● Work to complete
Where a picture appears, skip it and copy everything else in the listing exactly.

### Dataset excerpt ###

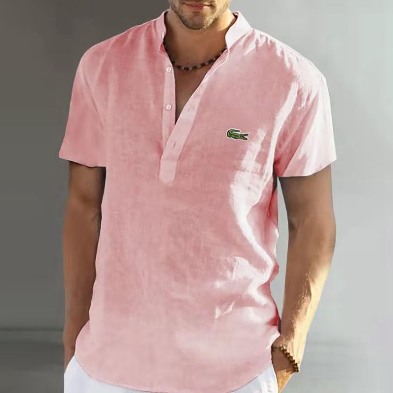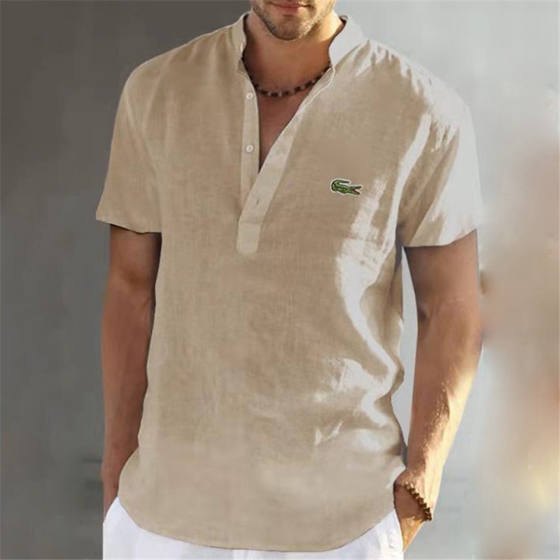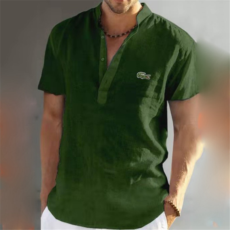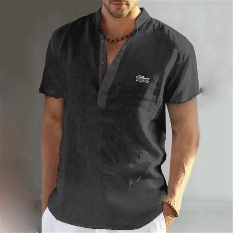 Mens Short Sleeve Linen Shirts Summer Solid Loose Casual Dress Shirt Blouse Tops
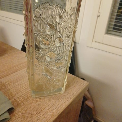 Kuvan mukainen lasinen vaasi, korkeus n. 37,5 cm, päältä n. 19,5 cm, jalka 12x12 cm, lasin paksuus n. 4-7 mm. Vaasi on kookas ja ylevän näköinen.
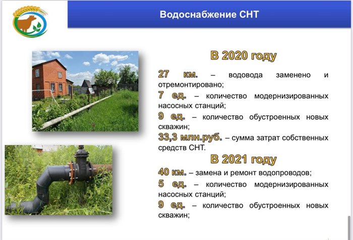 Например, в 2020 году на ремонт дорог, ведущих к садовым товариществам, было направлено 15,1 миллиона рублей. Также проведены работы по ремонту и замене порядка 27 километров водовода, модернизировано семь насосных станций, обустроены девять новых скважин. В феврале 2021 года дан старт образовательному проекту по обучению многодетных семей основам ведения приусадебных участков. В этом году продолжатся работы по энергообеспечению садоводческих товариществ, по строительству и ремонту автомобильных дорог, ведущих к ним. Особое внимание будет уделено образовательным программам для садоводов и популяризации направления.

###

● Response to this task
 Mens Short Sleeve Linen Shirts Summer Solid Loose Casual Dress Shirt Blouse Tops
 Kuvan mukainen lasinen vaasi, korkeus n. 37,5 cm, päältä n. 19,5 cm, jalka 12x12 cm, lasin paksuus n. 4-7 mm. Vaasi on kookas ja ylevän näköinen.
 Например, в 2020 году на ремонт дорог, ведущих к садовым товариществам, было направлено 15,1 миллиона рублей. Также проведены работы по ремонту и замене порядка 27 километров водовода, модернизировано семь насосных станций, обустроены девять новых скважин. В феврале 2021 года дан старт образовательному проекту по обучению многодетных семей основам ведения приусадебных участков. В этом году продолжатся работы по энергообеспечению садоводческих товариществ, по строительству и ремонту автомобильных дорог, ведущих к ним. Особое внимание будет уделено образовательным программам для садоводов и популяризации направления.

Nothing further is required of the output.